Let’s see if I understand the problem: You have to render some text. This requires to compute Mipmaps when a new text-line is encountered. And that is too slow? How often does you text change then? Assuming that a user needs at least a few seconds to read a line of text it cannot be the case that mipmaps cannot be generated fast enough for this. There has to be another problem - that is a problem in the structure of the problem-solution.
Have you tried to build up a dictionary of word-textures and stitch words together to form a text-line? I’ve made good experiences with such an approach. A dictionary of a few thousand distinct words is often more then enough to form a whole page of text (I don’t know about asian languages though…). This makes new textures and mipmaps to be generated relatively small and hence should increase performance.

Computing mipmaps is only too slow because it happens in the rendering thread. When they are created, one or two frames take much longer to render which causes jumps in the animation. I don’t think dictionaries can be used. The application has to support all possible languages, not just one. I need to be able to render ANY text and on the fly. I still think the best approach could be to create all mipmaps in the application but in a separate thread and upload them asynchronously using PBOs. This way it is only a slightly bigger memory transfer which would more than likely not disrupt rendering. The question is (I have never done anything like this, nor did I find any info on the net): do I need to use a separate PBO with its own mapped memory buffer for each mipmap level or is it possible to upload all mipmaps at once as a continuous buffer?

Either you’re writing very small text or we’re talking about different things. A screen full of text isn’t likely to consist of more than a few thousand words at maximum - regardless in which language. My idea was to generate a map “Word in Unicode->Texture” that contains the last few thousand word that were used, extending it on the fly as needed. When a new text-line is to be drawn onto the Screen it is likely that it consists of or at least contain words already on the Screen somewhere, which means that those words are in the map and hence do not Need to be recomputed. As a word is much smaller than a text-line mipmap generation will be faster. Of course I don’t know your application nor do I know the repitition patterns for east-asian languages but I’d advise to look for the repitition of words (not CPU-words - language words) on the Screen. If the most recent text-line contains words already on the Screen you’re computing mipmaps repeatedly for the same shapes to Display it.
If that ain’t the case - i.e. there are no repititions - you could perhaps generate mipmaps for the text-line to be drawn in a separate thread not using OpenGL for this at all. If the text-line Shows up just one or two Frames after issuing the order to draw it the user is unlikely to see any difference.

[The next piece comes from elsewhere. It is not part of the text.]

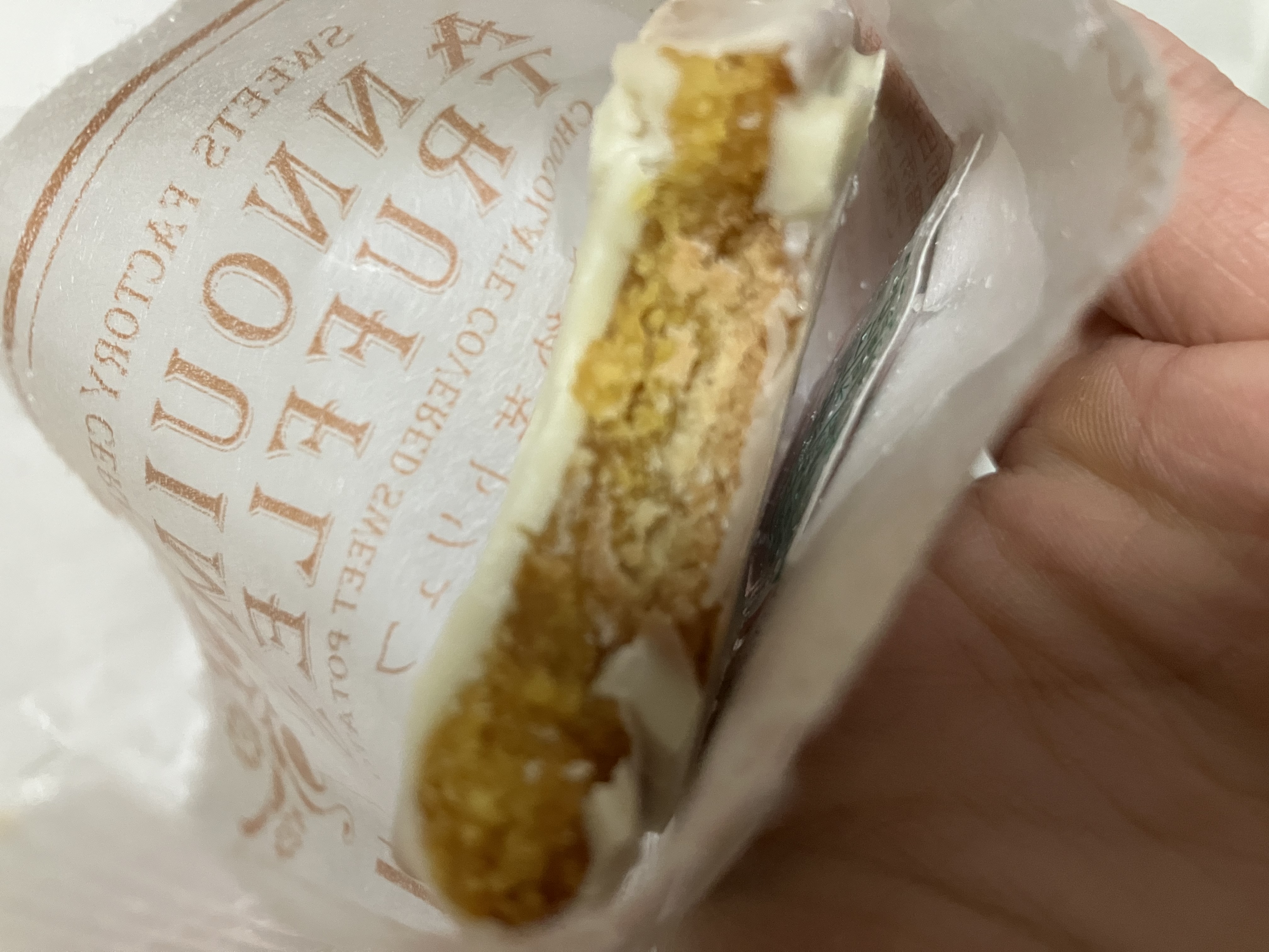 ミルキーさが加わり、冬にぴったりと言う印象を受けました。お芋とホワイトチョコってこんなに合うんだ!と改めて実感しました。冷蔵庫で冷やしたホワイトチョコがパリっとしていて美味しかったです。

We are talking about different things. As I said, I get Windows to render my text lines as a series of contours to avoid all the problems with character to glyph layout in all the exotic languages. Words and dictionaries would not help at all. Even if I render letters and words that already occur in other lines, I would still use a lot less memory than if I convert all the glyphs of a font having multiple language scripts (e.g. simple Arial has more than 3000 glyphs). I render text into fairly high resolution bitmaps so I don’t have problems with magnification, just minification. The visual quality of the text is very important, so the rather imperfect antialiasing bilinear filtering offers is not good enough. I can either find a way to offload as much as possible of mipmap creation to another thread, or use a shader to do something similar to mipmap access. I would appreciate any help if someone has experience with either route.

I render text into fairly high resolution bitmaps so I don’t have problems with magnification, just minification.

And the whole point of the Valve paper is to do the opposite. You use smaller images (so minification works just fine), and you let the distance testing stuff handle magnification. That’s what it’s for: to make magnification look better than “imperfect antialiasing bilinear filtering”.

They suggest to calculate the distance field texture from a 4096*4096 binary image. It is fine if you can create all your textures before the application runs and it is a wonderful technique to save GPU memory, but to do it repeatedly for every character seems to me a little too much effort.

“Too much effort”? You’re using CPU rasterization on strings, uploading them, and then generating mipmaps for them. And you call doing some simple image processing “too much effort”?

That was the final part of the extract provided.